+++ Source data +++

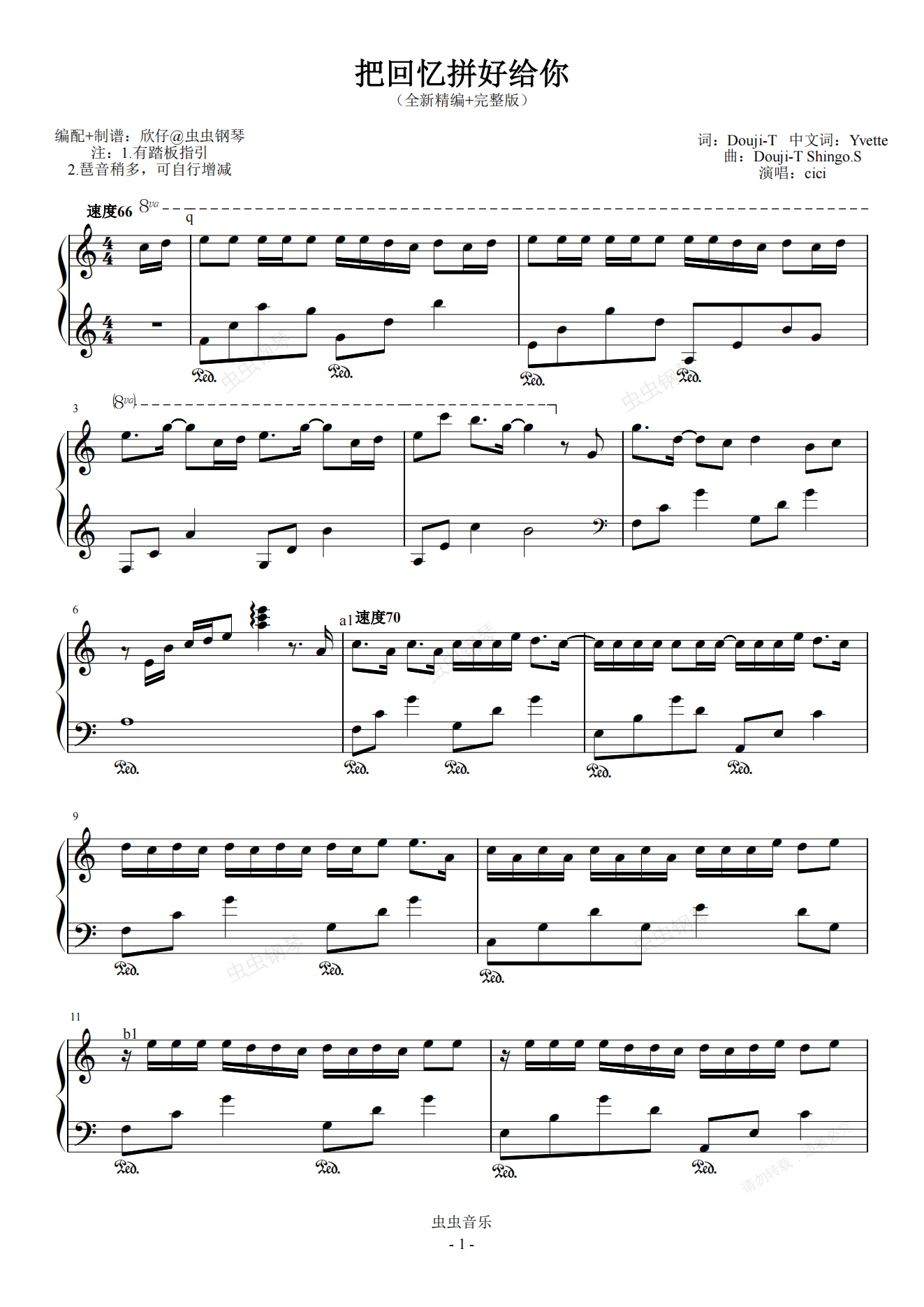 钢琴谱:cici-C《把回忆拼好给你》(全新精编+完整版)
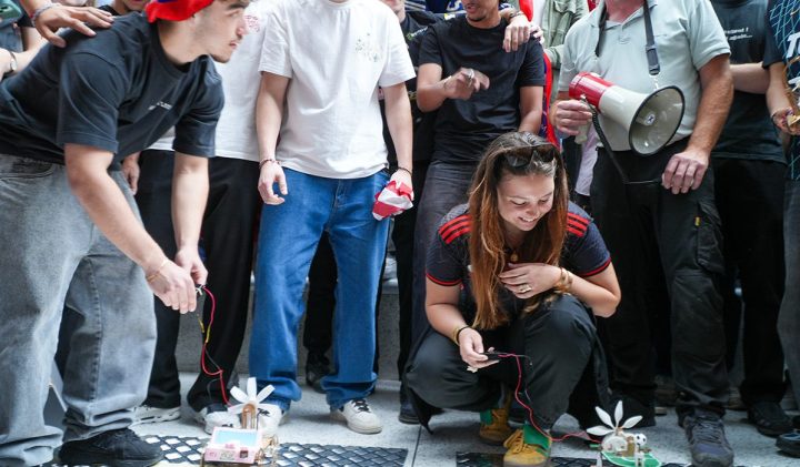 Moment fort de l’année, le showroom PIX1 clôture la période de travail sur le projet. Les élèves y présentent leur prototype et participent à des épreuves techniques chronométrées : course de vitesse, franchissement de pente, rotation mécanique, marche arrière avec obstacle ou encore transport de charge.
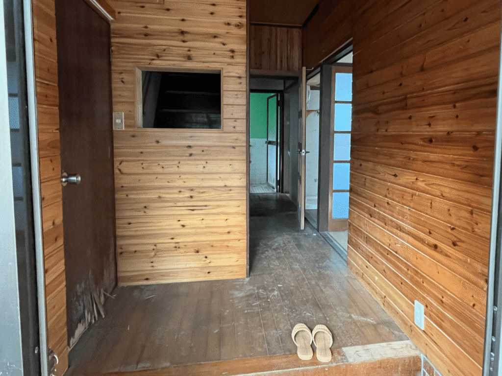 玄関を入ると板張りの壁。薄暗い雰囲気ですがオシャレな空間になるポテンシャルを感じました。
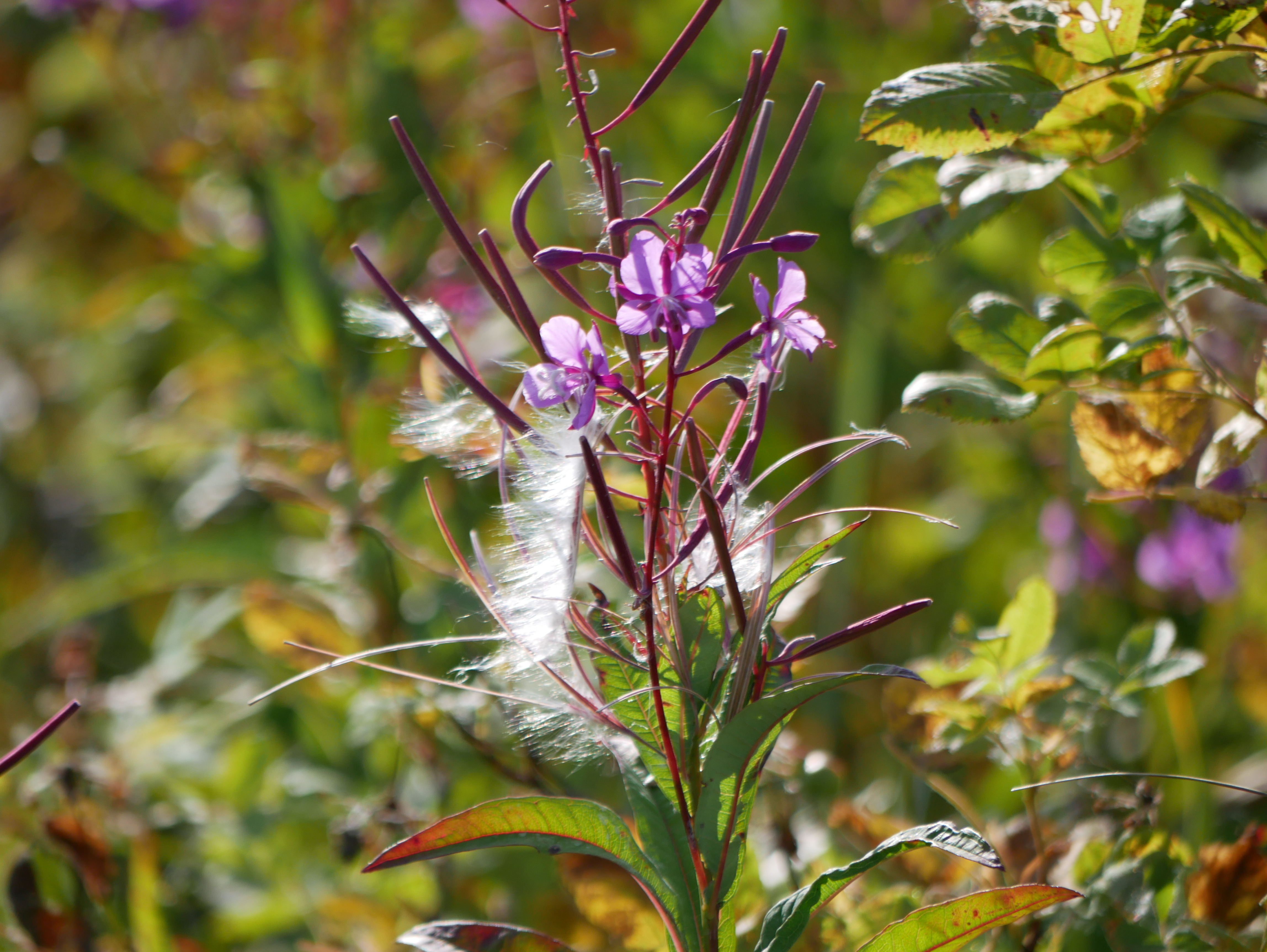 On the way to the stream mouth, we walk between 7-foot tall fireweed stalks. Some have already stopped flowering. They release seedcases as fluffy as down that ride on this morning’s light breeze across the stream.
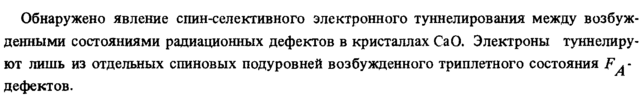 Обнаружено явление спин-селективного электронного туннелирования между возбужденными состояниями радиационных дефектов в кристаллах СаО. Электроны туннелиру-ют лишь из отдельных спиновых подуровней возбужденного триплетного состояния F^-дефектов.
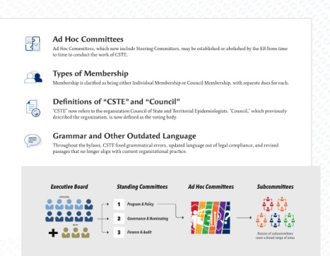 Throughout the bylaws, CSTE fixed grammatical errors, updated language out of legal compliance, and revised

+++

**Problem to work on:**
Take the lines above from the top of the records through the one with "Обнаружено явление спин-селективного" and repeat them exactly, without any pictures.

**Exercise solution:**
 钢琴谱:cici-C《把回忆拼好给你》(全新精编+完整版)
 Moment fort de l’année, le showroom PIX1 clôture la période de travail sur le projet. Les élèves y présentent leur prototype et participent à des épreuves techniques chronométrées : course de vitesse, franchissement de pente, rotation mécanique, marche arrière avec obstacle ou encore transport de charge.
 玄関を入ると板張りの壁。薄暗い雰囲気ですがオシャレな空間になるポテンシャルを感じました。
 On the way to the stream mouth, we walk between 7-foot tall fireweed stalks. Some have already stopped flowering. They release seedcases as fluffy as down that ride on this morning’s light breeze across the stream.
 Обнаружено явление спин-селективного электронного туннелирования между возбужденными состояниями радиационных дефектов в кристаллах СаО. Электроны туннелиру-ют лишь из отдельных спиновых подуровней возбужденного триплетного состояния F^-дефектов.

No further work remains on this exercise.